=== Recorded information ===

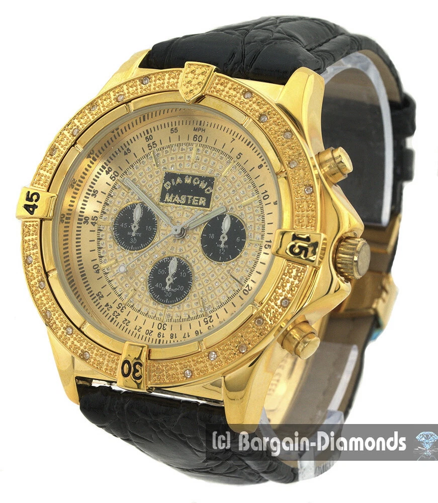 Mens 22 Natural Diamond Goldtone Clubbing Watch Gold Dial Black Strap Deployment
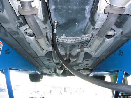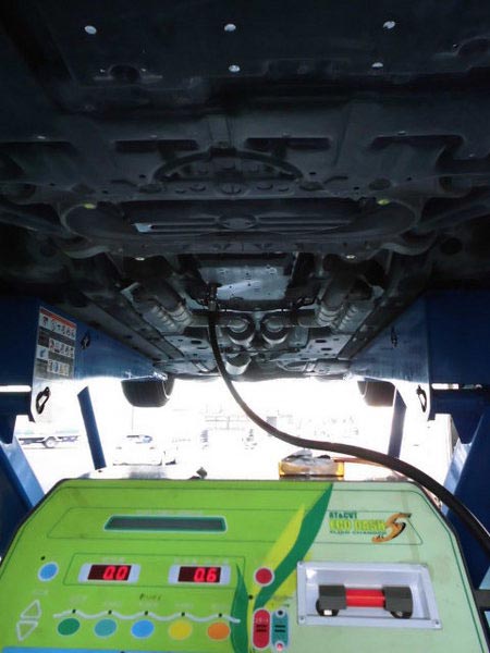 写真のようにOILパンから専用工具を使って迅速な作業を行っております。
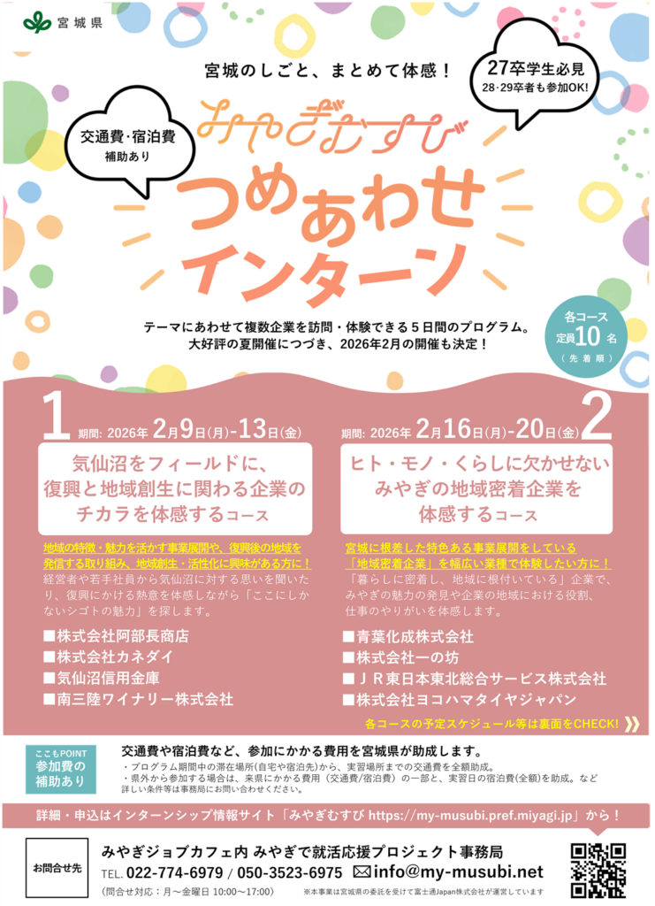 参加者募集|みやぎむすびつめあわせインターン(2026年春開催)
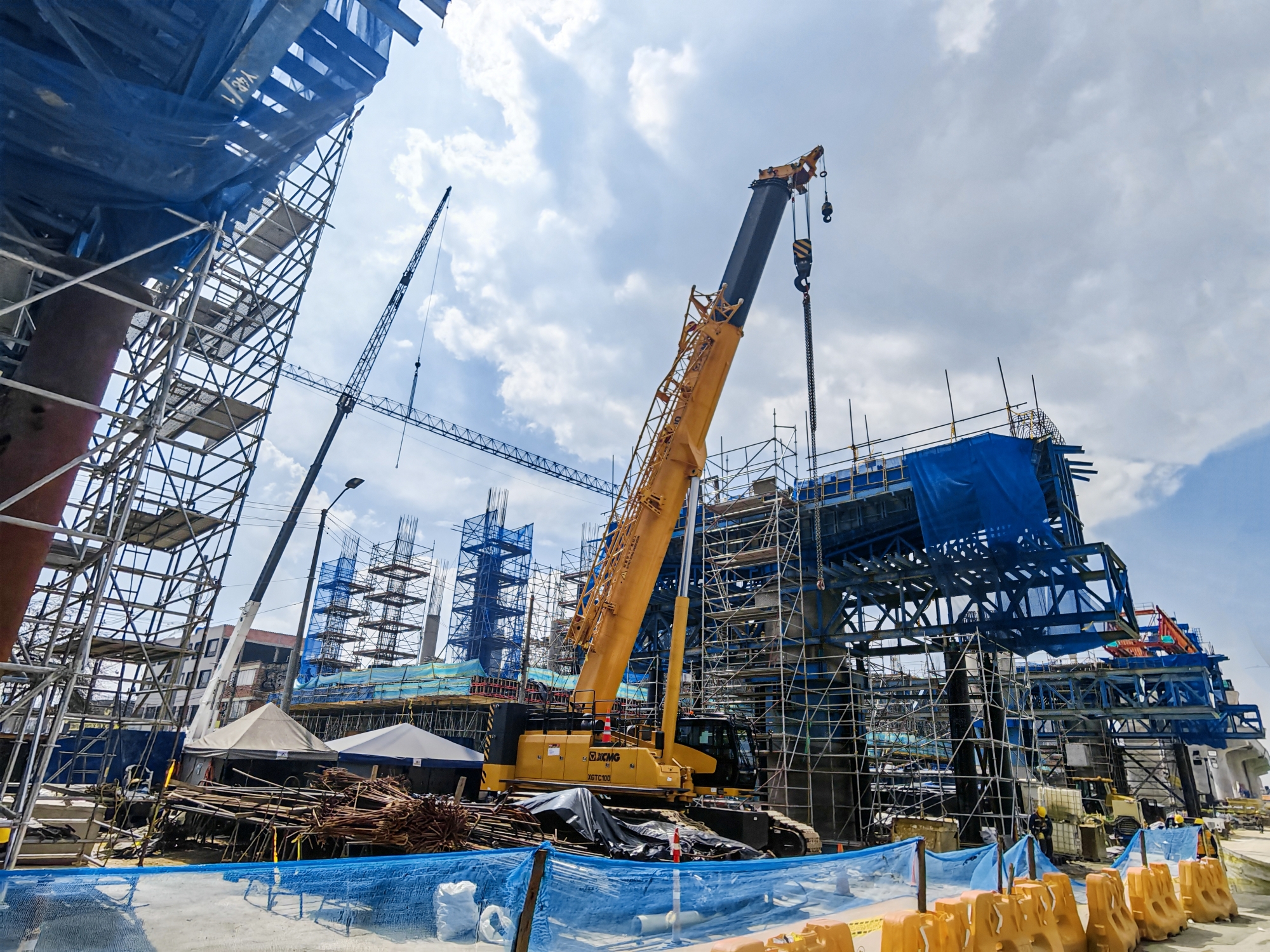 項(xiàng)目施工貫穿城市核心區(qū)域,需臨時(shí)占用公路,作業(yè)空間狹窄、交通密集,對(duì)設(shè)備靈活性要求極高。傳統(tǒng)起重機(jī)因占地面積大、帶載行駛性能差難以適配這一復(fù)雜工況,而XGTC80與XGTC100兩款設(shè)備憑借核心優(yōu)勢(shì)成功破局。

===

**Exercise goal**
Would you retype the material exactly, omitting each picture?

**Task solution**
 Mens 22 Natural Diamond Goldtone Clubbing Watch Gold Dial Black Strap Deployment
 写真のようにOILパンから専用工具を使って迅速な作業を行っております。
 参加者募集|みやぎむすびつめあわせインターン(2026年春開催)
 項(xiàng)目施工貫穿城市核心區(qū)域,需臨時(shí)占用公路,作業(yè)空間狹窄、交通密集,對(duì)設(shè)備靈活性要求極高。傳統(tǒng)起重機(jī)因占地面積大、帶載行駛性能差難以適配這一復(fù)雜工況,而XGTC80與XGTC100兩款設(shè)備憑借核心優(yōu)勢(shì)成功破局。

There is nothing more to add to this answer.